YOUR INSTRUCTIONS — Could you filter the data below down to the lines that hold the word "Locksmithing"?

EXERCISE INPUT —
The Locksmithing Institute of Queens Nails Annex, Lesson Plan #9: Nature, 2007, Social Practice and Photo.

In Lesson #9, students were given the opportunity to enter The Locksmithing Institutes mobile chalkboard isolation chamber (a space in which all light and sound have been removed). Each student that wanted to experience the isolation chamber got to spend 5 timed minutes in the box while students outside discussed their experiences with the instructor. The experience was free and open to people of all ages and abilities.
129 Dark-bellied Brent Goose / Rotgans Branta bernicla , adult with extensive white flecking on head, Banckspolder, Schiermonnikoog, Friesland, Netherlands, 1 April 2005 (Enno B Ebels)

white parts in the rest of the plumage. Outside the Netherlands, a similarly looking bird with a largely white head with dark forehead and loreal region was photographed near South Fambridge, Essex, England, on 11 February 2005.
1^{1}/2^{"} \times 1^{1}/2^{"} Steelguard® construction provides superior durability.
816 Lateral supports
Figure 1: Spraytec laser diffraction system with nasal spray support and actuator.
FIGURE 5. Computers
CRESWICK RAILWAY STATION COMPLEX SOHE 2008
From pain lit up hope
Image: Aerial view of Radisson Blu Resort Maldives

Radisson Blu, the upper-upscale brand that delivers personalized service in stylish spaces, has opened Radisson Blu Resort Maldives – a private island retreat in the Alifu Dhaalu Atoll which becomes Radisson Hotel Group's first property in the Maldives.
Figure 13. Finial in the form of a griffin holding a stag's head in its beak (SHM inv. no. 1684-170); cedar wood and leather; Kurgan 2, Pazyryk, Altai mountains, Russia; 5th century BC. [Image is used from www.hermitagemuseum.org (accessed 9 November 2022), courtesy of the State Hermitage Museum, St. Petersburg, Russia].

* * *

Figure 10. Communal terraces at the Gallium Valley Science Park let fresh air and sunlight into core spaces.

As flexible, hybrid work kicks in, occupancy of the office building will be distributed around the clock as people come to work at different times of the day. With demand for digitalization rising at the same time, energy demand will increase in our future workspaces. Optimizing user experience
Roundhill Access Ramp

* * *

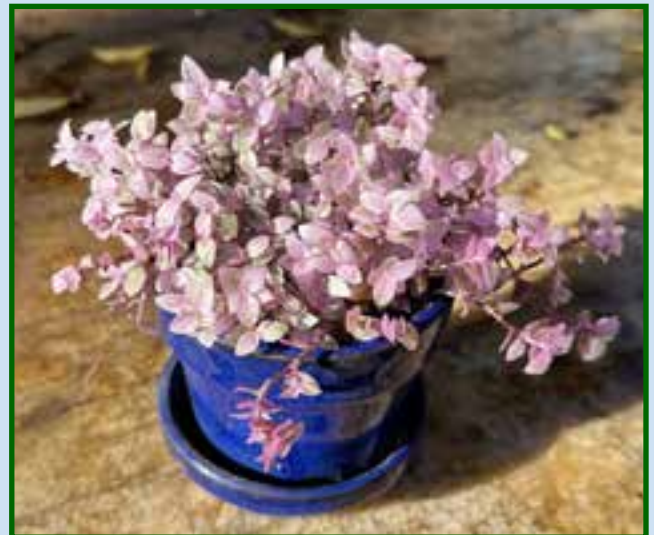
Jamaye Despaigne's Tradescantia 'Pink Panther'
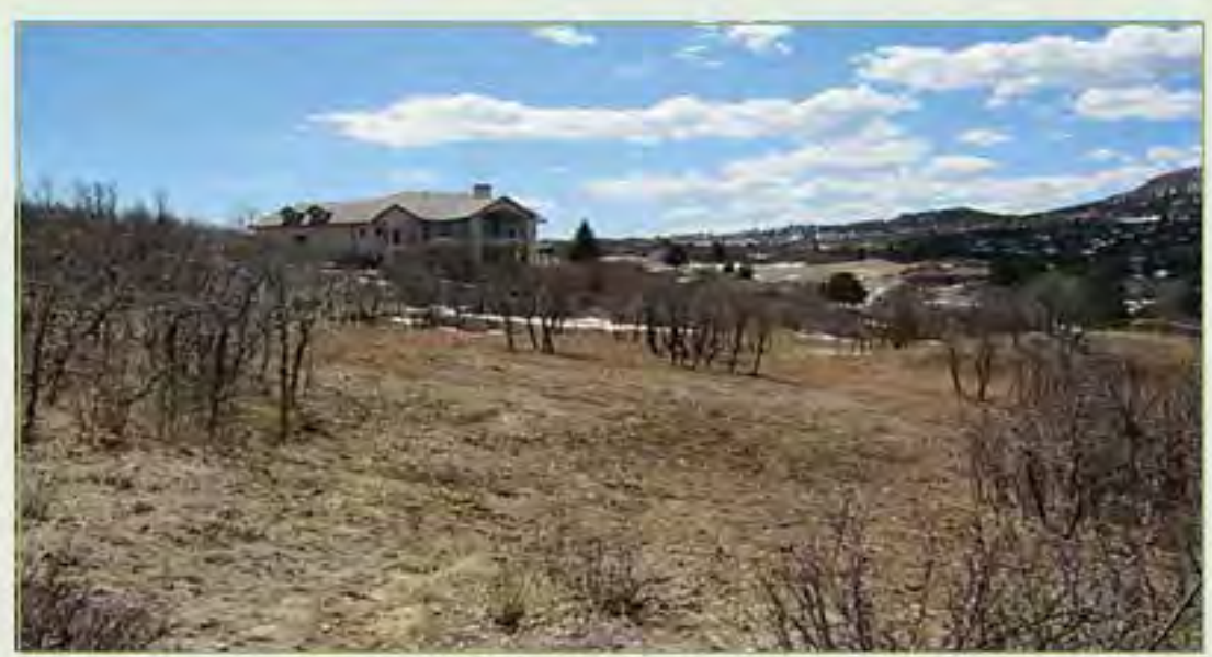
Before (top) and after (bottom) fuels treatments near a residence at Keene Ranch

EXPECTED ANSWER —
The Locksmithing Institute of Queens Nails Annex, Lesson Plan #9: Nature, 2007, Social Practice and Photo.
In Lesson #9, students were given the opportunity to enter The Locksmithing Institutes mobile chalkboard isolation chamber (a space in which all light and sound have been removed). Each student that wanted to experience the isolation chamber got to spend 5 timed minutes in the box while students outside discussed their experiences with the instructor. The experience was free and open to people of all ages and abilities.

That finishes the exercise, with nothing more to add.